### [EXERCISE BRIEF]
A word-for-word copy of the listing, free of images, is the expected answer.

### [DATA SEGMENT]

┄┄┄┄┄┄┄┄┄┄

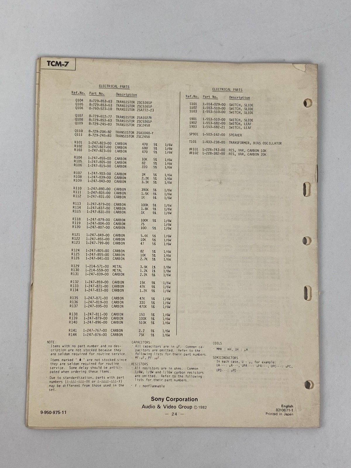 Vintage Sony TCM-7 Cassette Corder Service Manual Original
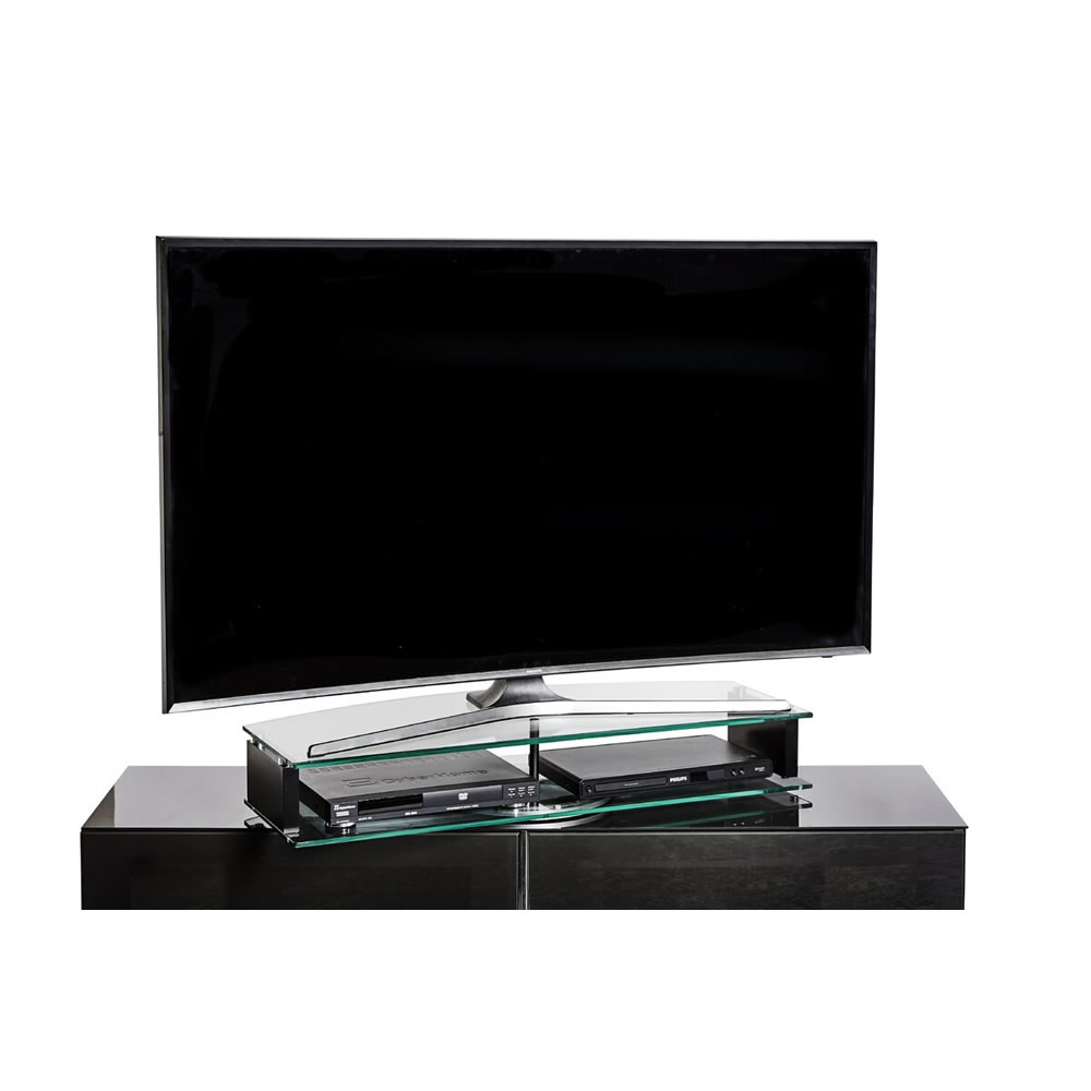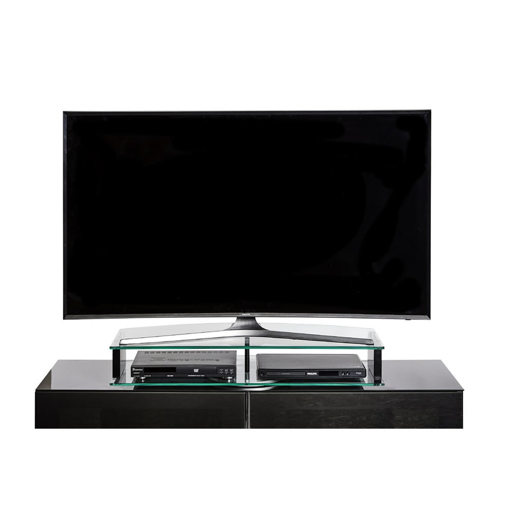 Der TV Aufsatz Z DA 90 von Jahnke tut was man von ihm erwartet. Mit einer edlen Drehvorichtung und zwei Ebenen aus Glas ist er design- und funktionstechnisch voll ausgerüstet.
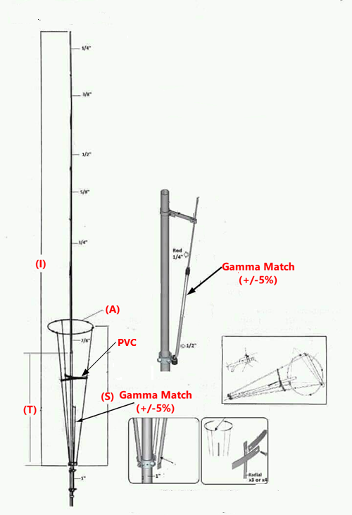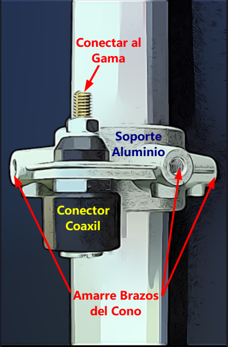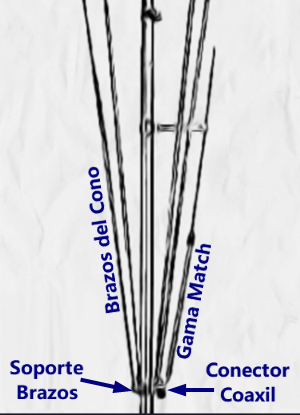 El Gama Match, va conectado al centro del conector coaxil, al vivo; la tierra del del conector, parte exterior, va en conectada con el toda la antena.

┄┄┄┄┄┄┄┄┄┄

### [EXERCISE ANSWER]
 Vintage Sony TCM-7 Cassette Corder Service Manual Original
 Der TV Aufsatz Z DA 90 von Jahnke tut was man von ihm erwartet. Mit einer edlen Drehvorichtung und zwei Ebenen aus Glas ist er design- und funktionstechnisch voll ausgerüstet.
 El Gama Match, va conectado al centro del conector coaxil, al vivo; la tierra del del conector, parte exterior, va en conectada con el toda la antena.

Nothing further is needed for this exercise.